For years, many of Wall Street’s best growth stocks have emerged from the technology sector. Despite some recent market volatility and a downturn in the semiconductor industry, strong earnings and impressive sales remain the story for many tech companies.
With that said, let’s pair the proven Zacks Rank with our Style Scores system. This system includes a “Growth” category that helps us find tech stocks poised for solid growth. Investors should note that our Growth category values earnings and sales growth, as well as improvements to a company’s financial statements, including strong cash flows and solid return on equity.
Now it’s time to check out three tech stocks that came through our screen today that growth investors might want to consider as we move beyond second-quarter earnings season.
1. EPAM Systems, Inc. EPAM
EPAM Systems shares have soared 65% in 2019 to crush the S&P 500’s 14% climb and its industry’s 18% jump. The IT services firm operates in over 25 countries, across four continents and works with a diverse array of clients on everything from software engineering & product/platform development to infrastructure & licensing. The Newtown, Pennsylvania-based company posted stronger-than-projected second-quarter results on August 8, which helped management up its full-year guidance.
Looking ahead, our Zacks Consensus Estimates call for the company’s Q3 revenue to surge 23.9% to $580.03 million to match Q2’s top-line expansion. EPAM’s full-year sales are then projected to climb over 23% to $2.27 billion, with 22.2% higher growth expected in the following year that would see it reach $2.77 billion. The digital platform engineering and software development services firm is also expected to post roughly 21% bottom-line growth this year and next year. EPAM’s recent positive earnings estimate revision activity helps it earn a Zacks Rank #2 (Buy) right now. The company also sports a “B” grade for Growth in our Style Scores system and has been on a stellar run since going public in 2012.
2. Digital Turbine, Inc. APPS
Digital Turbine operates a business that aims to connect OEMs, mobile operators, and publishers with advertisers and app developers. The company works with everyone from big-name tech giants such as Facebook FB and Uber UBER to retailers and restaurants including Target TGT and Domino's DPZ. APPS stock has soared 360% over the last 52 weeks and 70% in the last three months. We should note that Digital Turbine shares still trade far below the $10 per share threshold, at roughly $6.50. This makes the stock somewhat more speculative and volatile.

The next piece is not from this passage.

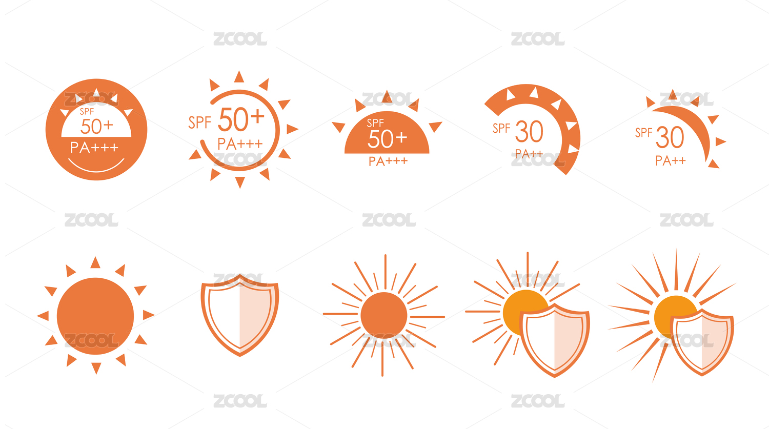 夏日橙色紫外線SPF防曬指數(shù)簡約圖標矢量

Nonetheless, Digital Turbine posted better-than-projected Q1 fiscal 2020 earnings and revenue results on August 5. The company’s earnings estimate revision activity has also trended heavily in the right direction since then, especially for fiscal 2020 and 2021. This movement helps APPS hold a Zacks Rank #1 (Strong Buy) at the moment. The Austin, Texas-based company is projected to see its full-year fiscal 2020 revenue jump 26.4% to $130.89 million. At the bottom end of the income statement, Digital Turbine’s adjusted fiscal 2020 EPS figure is expected to skyrocket 150% to reach $0.20 a share. APPS also earns an “A” grade for Growth in our Style Scores system.
3. Microsoft MSFT
Microsoft is a historic technology company and its growth days appear far from over. In fact, its expansion into cloud computing, driven by Amazon AMZN competitor Azure, has helped MSFT become the world’s most valuable public company with a market cap over $1 trillion. Microsoft shares have outpaced all of the FAANG stocks over the last two years. And unlike all of its high-profile tech peers in this group, with the exception of Apple AAPL, MSFT pays a dividend and its 1.35% yield sits not too far below the 10-year U.S. Treasury note.
The Redmond, Washington-based firm is a Zacks Rank #2 (Buy) at the moment that rocks an “A” grade for Growth. The company’s current year—fiscal 2020—revenue is projected to surge 11% to reach $139.76 billion, with 2021’s sales figure expected to climb 10.5% higher. At the bottom end of the income statement, MSFT’s adjusted earnings are projected to jump 9.9% in 2020 and 12.7% higher in 2021. Along with its cloud computing growth, MSFT’s has bolstered its legacy businesses and is prepared to expand its gaming division to take on challengers like Google GOOGL.